I have to admit that I have thought about play ground etiquette, and Harrogate and I have discussed similar issues while chasing Wild Man and SupadiscoT around the playground. My issues are a bit different than Solon's though. First, I'll respond to swingset etiquette. Wild Man could swing for hours, so if we're at a park and there is a line for the swings, I try to limit his time to 15 minutes, which seems reasonable to me. Granted, removing him from a swing generally causes a tantrum, but I do want him to learn to share. Second, the issue that Harrogate and I have discussed most is whether or not a we should discipline another parent's child. Solon, you pointed out that there were a number of children around the swings without parents nearby. This seems to happen a lot in parks in Southwest College Town. These parent-less children are generally a few years older than Wild Man and SupadiscoT, and therefore, they don't need a parent to stand right beside them as they climb playground equipment. But said children often push my toddler out of the way or engage in activities that may cause them to break an arm, a leg, or to hurt another child. I do not hesitate to tell a child to stop doing something, especially if that behavior is putting my child or another child at risk. I have received many dirty looks from parents--generally fathers who are talking on their cell phones or mothers who are chatting away with other mothers--for reprimanding their child. The people I'd really like to reprimand are the parents. What is the playground etiquette for this?

harrogate said...

What a fascinating topic this is. The more you think about it the more confusing it becomes.

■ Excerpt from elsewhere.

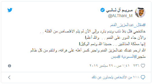 الشيخة مريم آل الثاني، كان لها أيضا رأي يرجح نظرية الإغتيال، حيث قالت ما نصه: "خاشقجي قتل بلا ذنب وبدم بارد وإلى الآن لم يتم الاقتصاص من القتلة.. والآن جاء الدور على الفغم.. والله أعلم! إنها مملكة المناشير.. حسبنا الله ونعم الوكيل! الله ارحم عبدك عبدالعزيز الفغم واجبر كسر أهله على فراقه، وانتقم من كل ظالم متجبر".

The idea of some sort of confrontation with another parent is unfortunate, and even worse is the sort of passive-aggressive crap that the father pulled on Solon.

To m's point about disciplining others' children and about the need for parents to actually keep an eye on what their own kids are doing at the playground:

Hopefully when our kids graduate to Bigger, Longer, and Uncut status, we will remember these conversations, and be vigilant that they not kock over the toddlers playing in the same space...

Amy Reads said...

Hi Solon,
Throw down with the other Park Fathers, of course, as Baby J gets first dibs, always.
(always always)
She is my beloved J-Bear, after all.
Ciao,
Amy, who misses her now-yankee friends

Anonymous said...

I usually vacate the swings if someone is waiting after about 5 minutes, regardless of how long we've been on. I suppose that's because I want my daughter to be self-sacrificing. :)

I'm totally joking about that. It's because I get sick of pushing her and I'm all for any excuse to get her off the thing. but I do usually vacate pretty quickly.

I don't think I've ever encountered an issue with the swings. As far as behavior issues, I have gently reprimanded a child or two but primarily, I just try to keep mine out of harm's way and away from the few kids at our park who are nasty little no-neck monsters.

The Reverend John Todd said...

Sometimes Baby Rev and I wear hair shirts.